Despite a large, resourceful diaspora and a rich cultural history there is no Pakistani equivalent of Fareed Zakaria or Arundhati Roy. No Pakistani university ranks among the world’s intellectual powerhouses. Its artists rarely exhibit at global biennales; its writers seldom make the Booker shortlist. Even among its diaspora, assimilation often means invisibility. This erasure is not accidental—it is structural. We remain defined by the vocabulary of crisis: terrorism, floods, IMF bailouts. But behind these external crises is an internal paralysis—an inability to imagine ourselves differently.

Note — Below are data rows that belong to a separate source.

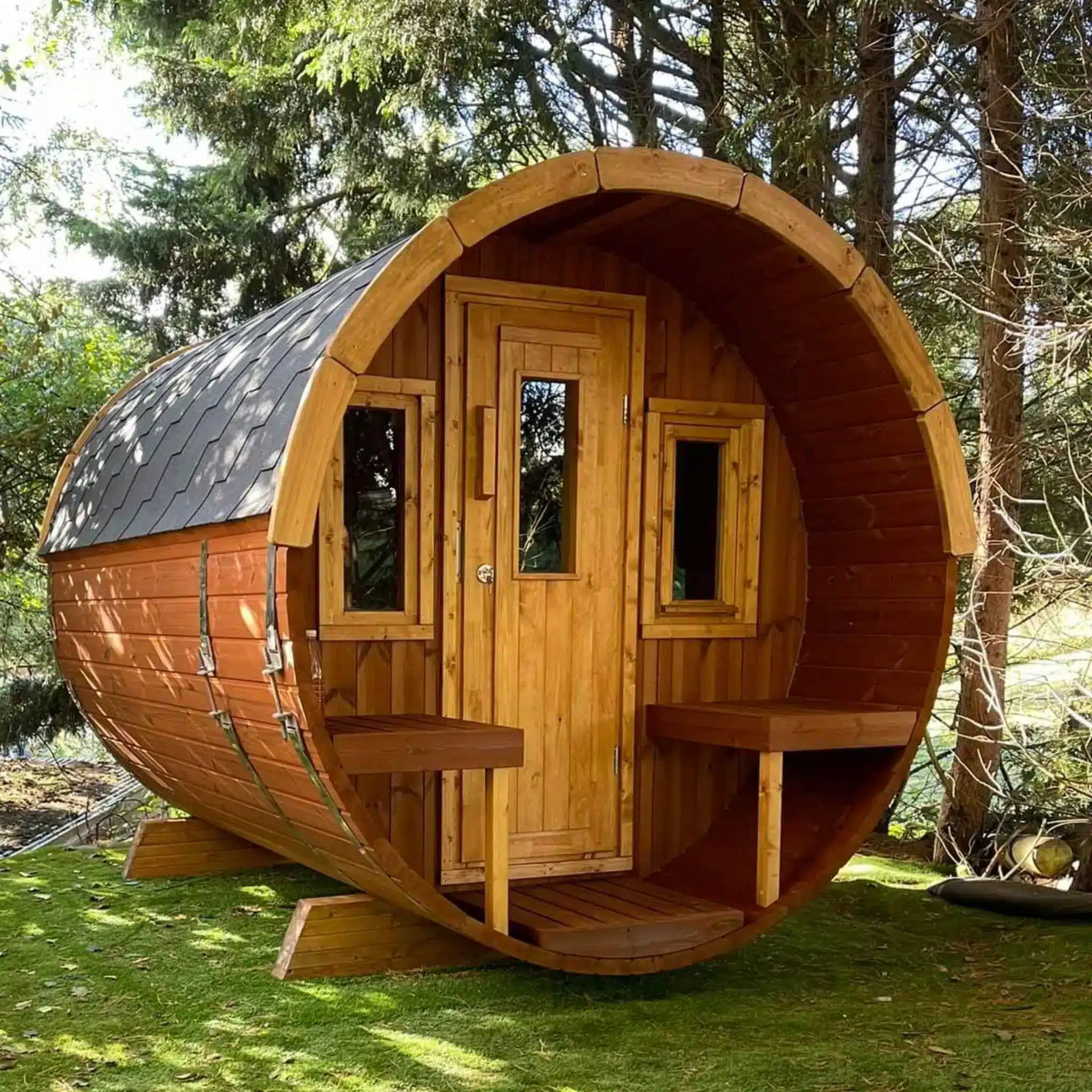 Ehala 330 barrel sauna – elegance and comfort for six people.
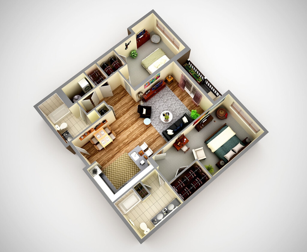 2 Beds, 2 Baths, 1060 sq ftModel Gallery
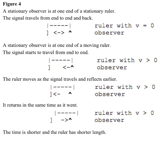 To measure stationary rulers, stationary observers at one ruler end can send signals to a reflector at other end. See Figure 4. Signal travels from end to end and back. Time to go is same as time to return. Travel time is directly proportional to length.
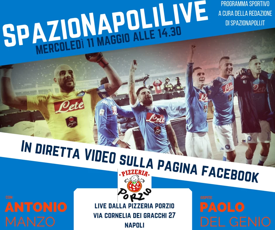 Nuovo appuntamento oggi alle 14,30 con la diretta Facebook di SpazioNapoliLive che vi terrà compagnia come di consueto dalla Pizzeria Porzio a Napoli. In conduzione il direttore di SpazioNapoli Antonio Manzo ed il collega Paolo Del Genio che per un’ora analizzeranno il momento del club di De Laurentiis, il mercato svelando tantissime indiscrezioni.

The Weight of Inherited Scripts
Pakistani identity today is trapped between nostalgia and denial. We romanticize the lost promise of 1947, the mythical purity of a founding moment. We invoke Iqbal and Jinnah without interrogating the gaps between their ideals and our realities. Our educational curricula remain steeped in myth, discouraging critical thinking and fostering conformity. The tragedy is not just that the world misunderstands us. It is that we misunderstand ourselves.
At the heart lies a failing education system that churns out graduates without curiosity, without inquiry, and without systematic thought. The humanities are dismissed as distractions, and critical thinking is discouraged. The result is a population ill-equipped to project its story, much less compete in a globalized cultural marketplace. We recycle the same tropes, produce the same bureaucrats, and export the same narrow vision of Pakistan—one that is insular, defensive, and afraid of modernity.

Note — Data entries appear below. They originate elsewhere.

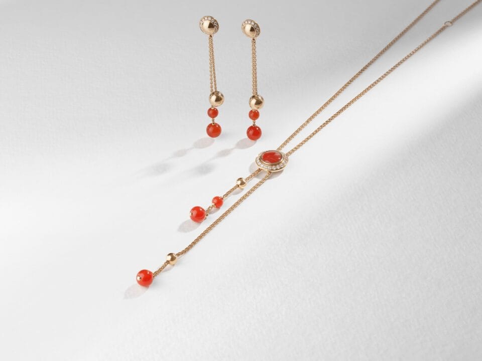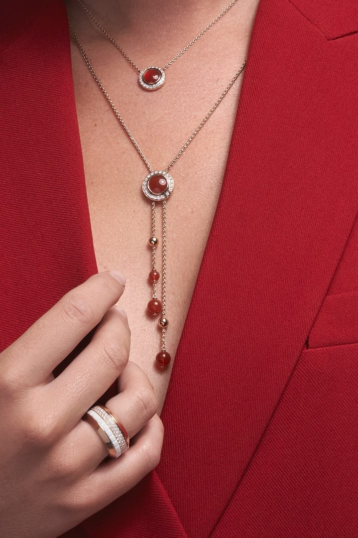 Possession-riipus on 18K punakultaa, jossa on 20 briljanttihiottua timanttia (noin 0,35 ct) ja jota koristaa 4 karneolia (noin 6,80 ct).
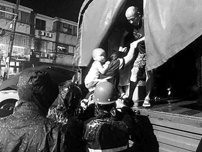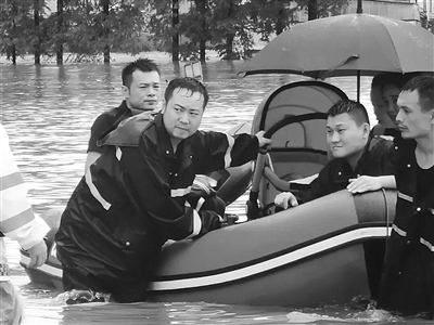 26日上午11时,武警宁波支队110名战士在参谋长卞高明的带领下,携带4艘冲锋舟、7艘橡皮艇奔赴内涝情况严重的阳明街道,为当地加固堤坝、转移受困群众及转运救灾物资提供帮助。
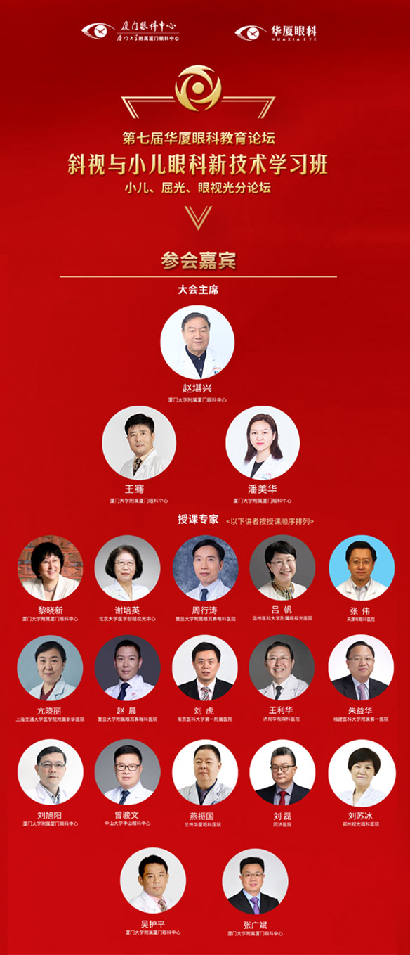 巔峰聚首,百家爭鳴!10月18日-21日,由廈門大學(xué)附屬廈門眼科中心主辦的“斜視與小兒眼科新技術(shù)學(xué)習(xí)班暨第七屆華廈眼科教育論壇小兒、屈光、眼視光分論壇”云端際會,精彩盛放。本屆論壇由47名大咖學(xué)者領(lǐng)銜主講,匯集國內(nèi)眼科領(lǐng)域金字塔尖專家,為我們帶來智慧激蕩的高峰論劍。大會主席:國際眼科科學(xué)院院士、華廈眼科醫(yī)院集團(tuán)專家委員會主席趙堪興教授,廈門眼科中心業(yè)務(wù)院長、華廈眼科醫(yī)院集團(tuán)副總院長王騫教授,廈門眼科中心業(yè)務(wù)副院長、斜視與小兒眼科科主任潘美華教授共同擔(dān)任。
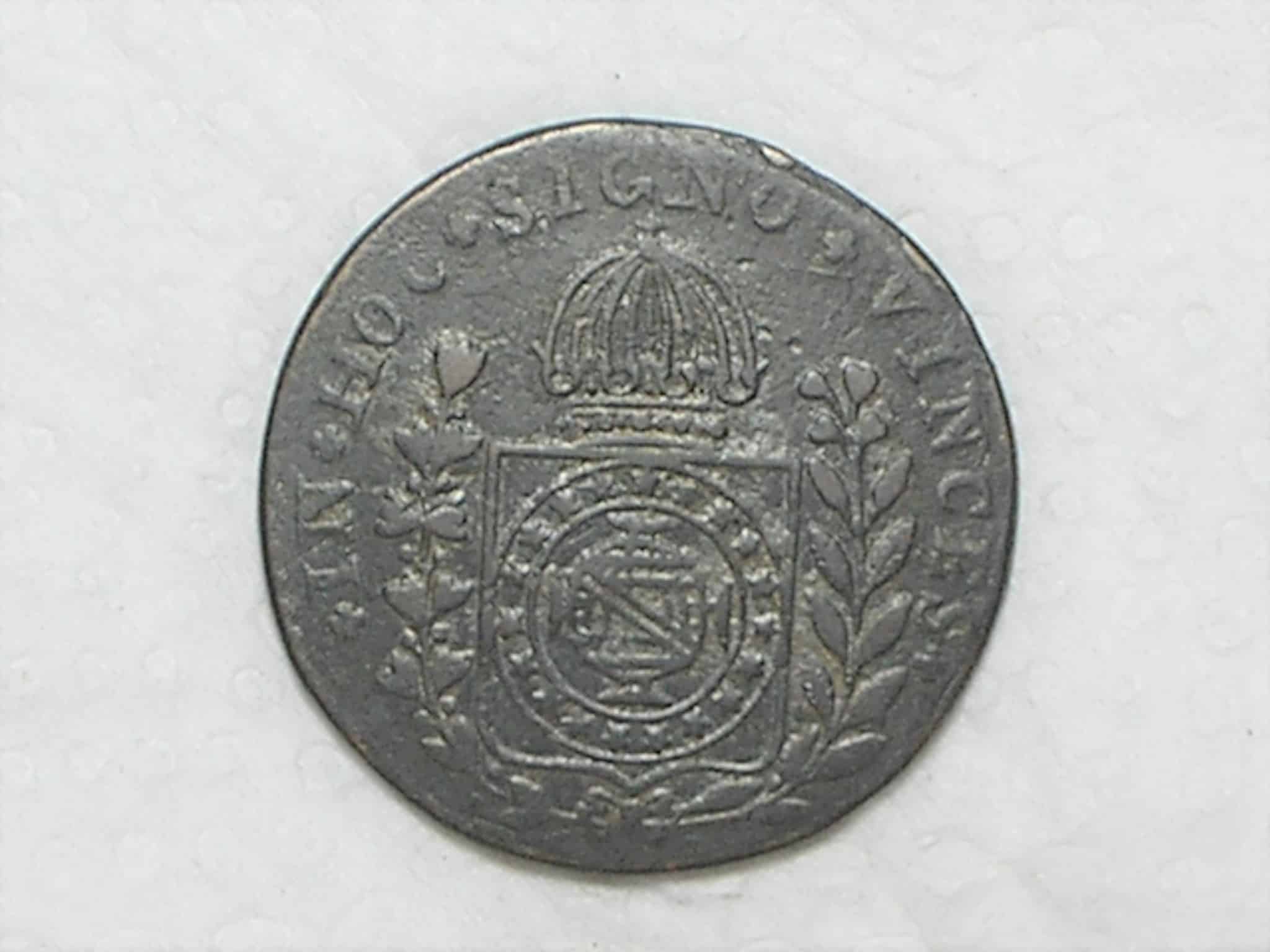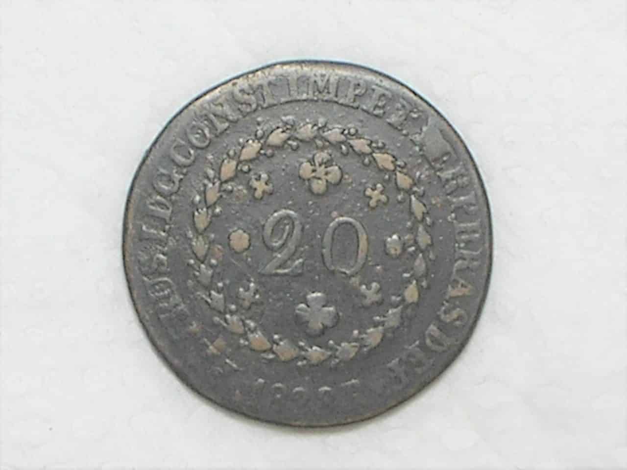 Especificação: 20 Réis – 1828 Rio = 24 Tulipas / Florões Verticais / Império D. Pedro I / Cobre / Mbc / c800

Moreover, the state has often viewed intellectualism with suspicion. Censorship, conformity, and fear have driven away its brightest minds. Universities are underfunded, public discourse is stunted, and creative expression is policed rather than nurtured. The most promising Pakistanis often leave—and rarely return.
A Diaspora Adrift
The Pakistani diaspora, particularly in the West, is vast but disconnected. Unlike Indian Americans who have built media empires and shaped political narratives, or Jewish Americans who have leveraged cultural capital into institutional influence, Pakistani immigrants often remain fragmented—siloed in professions but not in power.

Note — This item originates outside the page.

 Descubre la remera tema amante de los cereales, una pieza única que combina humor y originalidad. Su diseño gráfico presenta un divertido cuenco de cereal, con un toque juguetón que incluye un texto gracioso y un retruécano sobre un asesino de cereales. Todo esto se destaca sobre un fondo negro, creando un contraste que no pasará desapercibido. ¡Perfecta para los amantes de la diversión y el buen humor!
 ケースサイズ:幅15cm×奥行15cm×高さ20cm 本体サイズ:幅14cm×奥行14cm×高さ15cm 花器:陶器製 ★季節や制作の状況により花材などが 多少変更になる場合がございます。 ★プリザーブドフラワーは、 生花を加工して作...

Why? Partly because many Pakistani immigrants never fully transition from survival to storytelling. Their successes are private, not collective. They become doctors, not documentarians. Entrepreneurs, not editors. And in the absence of cultural production, there is no soft power.
Even in the mundane rituals of global multiculturalism—at the grocery store, in food festivals, on the menus of trendy urban eateries—Pakistan is a ghost. There is no Pakistani section in the Asian grocery aisle. Our cuisine is sold under other names: Afghan, Mughal, Indian. The flavors are there, but the flag is missing.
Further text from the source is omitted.